Church and family have always been strongly coupled for me. I’m a Christian, and that flavors who I am at a deep level — how I think about work, how I treat people, why I bother showing up well to anything. I don’t perform it loudly or argue about it, but I’m not going to pretend it isn’t load-bearing either.

My title at work is Software Engineer at Apple. The polite version: I’m a person who can usually figure out why the computer is doing the weird thing. I’ve been writing code for over twenty years and have never gotten tired of it. I love hard problems, I love finding solutions that already exist instead of reinventing wheels, and I owe a lot to the Open Source community for being a place where those solutions live in the open. If you want the resume version, I’m over at LinkedIn.

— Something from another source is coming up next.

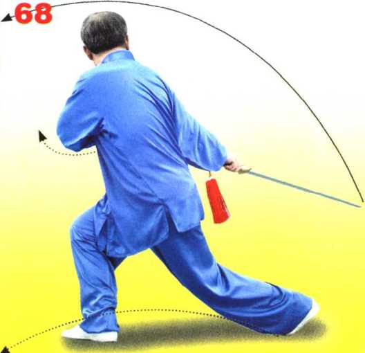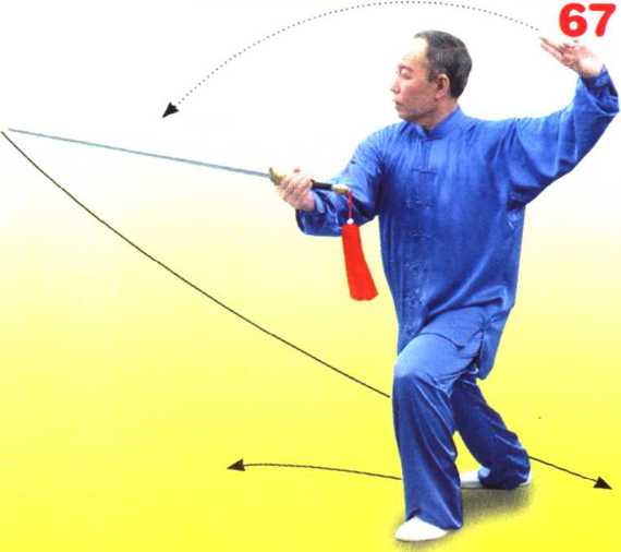 左脚向左前方上步, 重心前移成左弓步;同 时前臂外旋,手心朝上, 屈肘向左后带剑至左肋 前,剑尖斜朝前;左手 剑指经下向左向上,臂 呈弧形举于头侧上方, 手心斜朝上。目视前方。 (图 66、67)

When I’m not at a keyboard for work, I’m usually at a keyboard for fun — Guild Wars 2 has had a permanent install on my machines for over a decade, and Ultra Street Fighter 4 is the one I keep coming back to when I want to lose at something familiar. Off the keyboard, fountain pens and Japanese paper are my analog hobby; movies are the family group activity; the occasional adventurous home improvement project is reliably where I get to practice being quick to listen, slow to speak, and slow to anger — and where I find out, again, that I’m still learning.

The common thread is that I love having fun with my family, friends, and co-workers — unexpected snowball fights, lengthy video-game sessions, random Airzooka missions, late-night raids that go later than they should. Through all of it, I shall strive to not lose the boy inside for the man that is seen going to work everyday.